(Exercise goal) Take the lines from the line containing "腿部经典的羊头纹身图案" through the end of the entries and output them exactly, with no pictures and nothing more.

Exercise data START

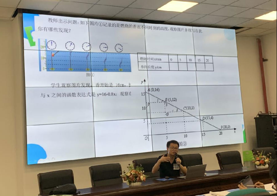 接着陈伯勋与大家分享了《一次函数教学内容分析与作业设计》 观点报告。他先展示了小学、初中、高中与一次函数有关的教材内容,反映出教材衔接的有序性,必要性,对于知识和思维是层层推进的。再重点从初中阶段教材内容具体分析设计的价值、意图与本质,最后指出作业设计应达到精选、分层、多样、匹配的要求。陈伯勋老师的观点给在座各位老师带来了教学的新思路、新思考。
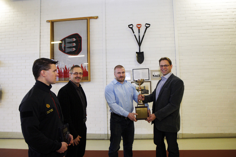 ![]() Vuoden palomiesurheilija palkiittin 112-päivänä Espoossa. Palkinnon luovutti paloesimies Petri Torkkel. Kuva: Susanne Vuorinen. |
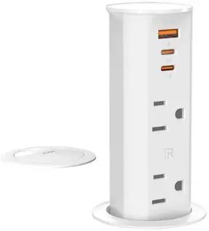 2 inch Space Saver Pop Up Outlet for Countertop with PD20W USB Ports,2 Outlets Tamper Resistant,Splashproof Socket,Desk Power Grommet Home Office Kitchen White (ETL Listed)
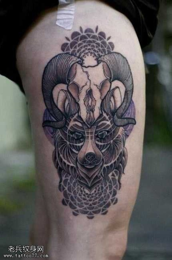 腿部经典的羊头纹身图案
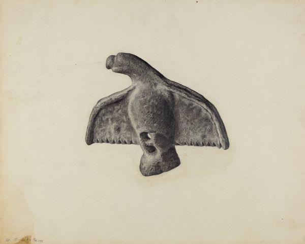 Editor: So, this is Frank Gray's "Snow Breaker" from around 1940. It looks like a drawing, probably in pencil and maybe watercolor. I find the geometric quality really interesting and striking, though the title doesn't immediately make sense to me. What strikes you about this piece? Curator: Well, immediately the eagle evokes a certain nationalistic symbolism, doesn't it? But this isn't a soaring, majestic eagle; it's grounded, almost brooding. Think about the social climate around 1940. What national narratives were prevalent, and perhaps, being questioned? This artwork becomes particularly potent when viewed in relation to that period's discussions about patriotism and national identity during times of turmoil. Editor: So, the image plays with our expectations? You expect a symbol of freedom and strength, but this rendering feels much more constrained, grounded as you said. The title itself, "Snow Breaker," hints at something difficult, perhaps even a burden. Curator: Exactly. The artwork participates in a dialogue about what American identity truly represents. Gray seems to be aware of the socio-political implications of such imagery. He transforms this charged symbol, provoking a more introspective interpretation of its meaning within that specific period. Who benefited from displays of patriotism and at what cost? What happens to the collective identity after periods of great conflict and crisis? Editor: That gives me a lot to consider about how even seemingly straightforward images can carry such a complex cultural load. I guess I always think of the bald eagle being very heroic. I’ll have to examine them in new light going forward. Curator: Indeed. It’s about understanding the visual language an artist uses, but more critically, being attentive to how museums, institutions, and public rhetoric at the time amplify certain voices or neutralize others through displays of art. "Snow Breaker" pushes us to think critically about such issues.

Exercise data END

(Solution to this exercise)
 腿部经典的羊头纹身图案
 Editor: So, this is Frank Gray's "Snow Breaker" from around 1940. It looks like a drawing, probably in pencil and maybe watercolor. I find the geometric quality really interesting and striking, though the title doesn't immediately make sense to me. What strikes you about this piece? Curator: Well, immediately the eagle evokes a certain nationalistic symbolism, doesn't it? But this isn't a soaring, majestic eagle; it's grounded, almost brooding. Think about the social climate around 1940. What national narratives were prevalent, and perhaps, being questioned? This artwork becomes particularly potent when viewed in relation to that period's discussions about patriotism and national identity during times of turmoil. Editor: So, the image plays with our expectations? You expect a symbol of freedom and strength, but this rendering feels much more constrained, grounded as you said. The title itself, "Snow Breaker," hints at something difficult, perhaps even a burden. Curator: Exactly. The artwork participates in a dialogue about what American identity truly represents. Gray seems to be aware of the socio-political implications of such imagery. He transforms this charged symbol, provoking a more introspective interpretation of its meaning within that specific period. Who benefited from displays of patriotism and at what cost? What happens to the collective identity after periods of great conflict and crisis? Editor: That gives me a lot to consider about how even seemingly straightforward images can carry such a complex cultural load. I guess I always think of the bald eagle being very heroic. I’ll have to examine them in new light going forward. Curator: Indeed. It’s about understanding the visual language an artist uses, but more critically, being attentive to how museums, institutions, and public rhetoric at the time amplify certain voices or neutralize others through displays of art. "Snow Breaker" pushes us to think critically about such issues.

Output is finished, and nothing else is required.